Sizleri yakinen tanıdım izlenimlerimden çıkardığım omurgalı bir duruş görüyorum. Çatınız altında olan bireyler ocak terbiyesiyle mi bu güne geldi. Bizim çatımızın altında olan insanların belli duruşu mu olacak dediniz bu onurlu duruş ile ilgili biraz bahsedebilir misiniz? 

İlkelerimizde hep şunu söyledik, çıkış hikayemizde ütopik bir söylem vardı; genel başkansız ve genel merkezsiz bir yapı sadece ilkelerde buluşan, bulundukları mahallerde aynı ilkeler çerçevesinde kendi imkanları ve coğrafyanın ihtiyaçlarına göre projeler üreten, aynı ilkelerde bir araya gelen bir hayalim vardı. Sosyolojik gerçekliklerden dolayı tüzel kişilik olarak genel başkanlı ve genel merkezli bir sistem kuruldu. Temel itibariyle ilkelerde buluşmaya çalıştık. 
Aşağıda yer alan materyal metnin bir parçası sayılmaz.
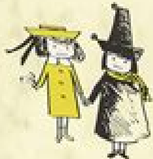
This is MADELINE AND THE BAD HAT
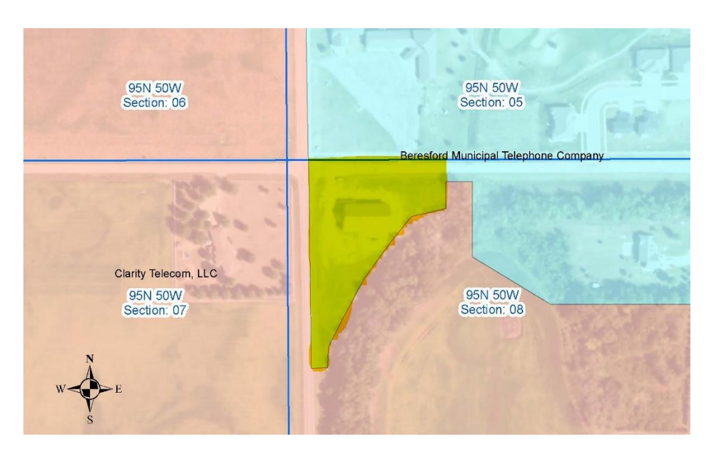
Map 2 – Change made in Docket TC22-057

Bünyemize gelen birçok insan var. İlkelere uyabiliyorsa kalıyor uyamıyorsa gidiyor. Merhum Muhsin Yazıcıoğlu’nun duruşu peygamberi örnek alan bir duruştu. Onun terbiyesiyle terbiyelendik. Onun duruşunu biz kendimize şiar edindik.

Deprem bölgelerinde yapmış olduğunuz çalışmalarınızdan bahsedebilir misiniz? Çok hızlı koordine oldunuz. Çok hızlı sahadaydınız. 

TÜRKİYE ASLINDA HİÇ BİR AFETE HAZIR DEĞİL!

Depremden önce şunu açıklamam gerekiyor: Yesevi Hareketi, "Hareket" kelimesinin siyasi literatür de bir anlamı var. Toplumu ilgilendiren, insanı ilgilendiren bir sürü yapıyı bulunduran çatılara hareket adı veriliyor. Biz bir hareketiz. Yesevi Sağlık, Yesevi arama kurtarma, Yesevi doğal hayat ve hayvan haklarını koruma, Yesevi öğrenci yurdu, Genç Yesevi, Yesevi yayınevi gibi bir birinden bağımsız ama bir biriyle tamamen koordineli bir yapıdan bahsediyoruz. Böyle olunca insan kaynakları kendi alanlarında ehil insanlardan seçiliyor. Hem belli bir edep çizgisinde, belli bir ahlak düzleminde olması gerekiyor hem de belli yeteneklerde olması gerekiyor. Türkiye standartlarında olduğun zaman Türkiye’de 85 milyon insan var. Haliyle sabırlı bir sürecin sonucunda istediğiniz kadrolara bir şekilde ulaşıyorsunuz. Bu bir istikrar meselesi. Bu kurumlarımızdan birisi arama kurtarma kadromuz.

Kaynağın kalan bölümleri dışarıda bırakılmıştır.